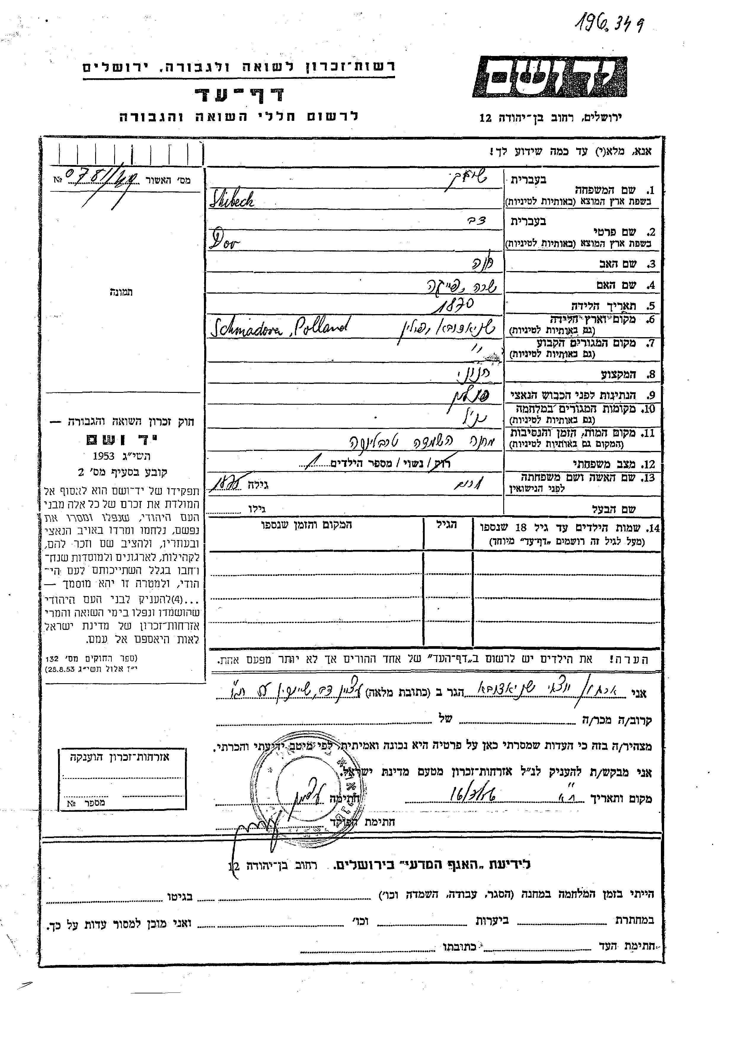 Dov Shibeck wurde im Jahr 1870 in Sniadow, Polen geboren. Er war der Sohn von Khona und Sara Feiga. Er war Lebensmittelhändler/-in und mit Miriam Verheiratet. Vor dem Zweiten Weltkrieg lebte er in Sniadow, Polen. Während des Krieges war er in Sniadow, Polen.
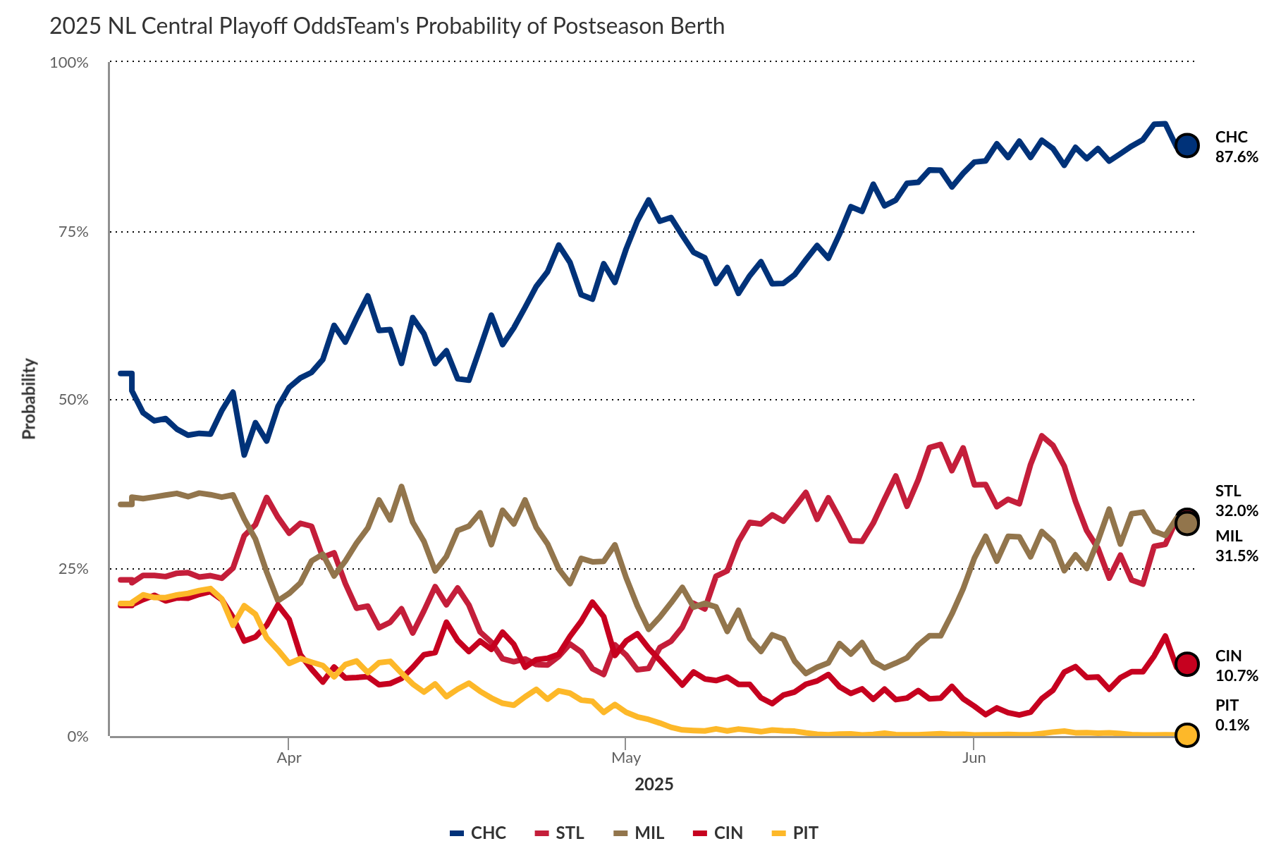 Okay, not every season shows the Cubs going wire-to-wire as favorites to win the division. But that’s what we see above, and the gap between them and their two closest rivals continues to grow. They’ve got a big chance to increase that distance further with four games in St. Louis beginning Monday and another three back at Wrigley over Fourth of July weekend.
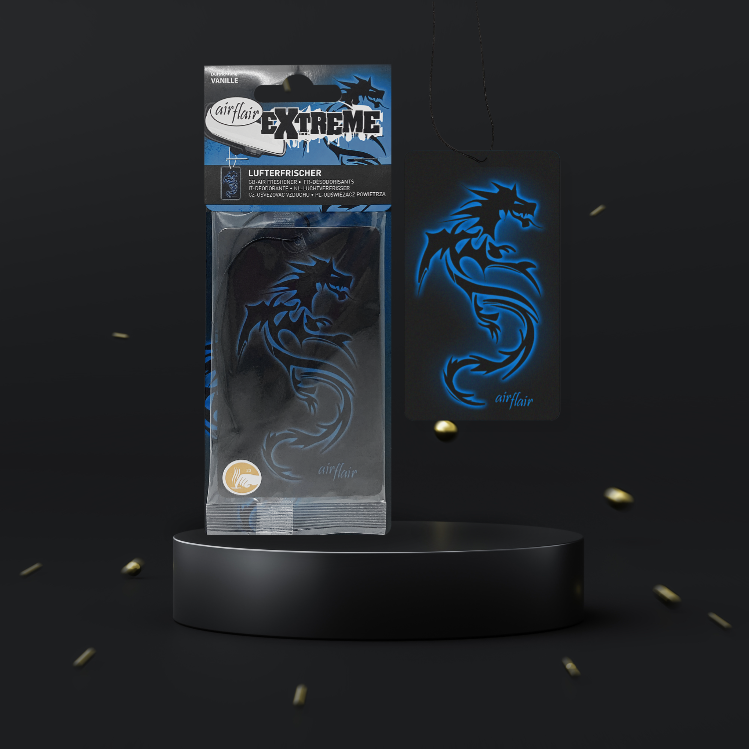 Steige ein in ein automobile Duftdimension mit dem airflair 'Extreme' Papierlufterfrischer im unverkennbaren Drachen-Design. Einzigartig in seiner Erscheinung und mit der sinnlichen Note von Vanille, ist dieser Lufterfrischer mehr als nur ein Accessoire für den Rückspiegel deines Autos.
+ + + + +
• [Instructions to follow]
Leave out the pictures, and write out all the remaining data above exactly.

• [Your response]
 Dov Shibeck wurde im Jahr 1870 in Sniadow, Polen geboren. Er war der Sohn von Khona und Sara Feiga. Er war Lebensmittelhändler/-in und mit Miriam Verheiratet. Vor dem Zweiten Weltkrieg lebte er in Sniadow, Polen. Während des Krieges war er in Sniadow, Polen.
 Okay, not every season shows the Cubs going wire-to-wire as favorites to win the division. But that’s what we see above, and the gap between them and their two closest rivals continues to grow. They’ve got a big chance to increase that distance further with four games in St. Louis beginning Monday and another three back at Wrigley over Fourth of July weekend.
 Steige ein in ein automobile Duftdimension mit dem airflair 'Extreme' Papierlufterfrischer im unverkennbaren Drachen-Design. Einzigartig in seiner Erscheinung und mit der sinnlichen Note von Vanille, ist dieser Lufterfrischer mehr als nur ein Accessoire für den Rückspiegel deines Autos.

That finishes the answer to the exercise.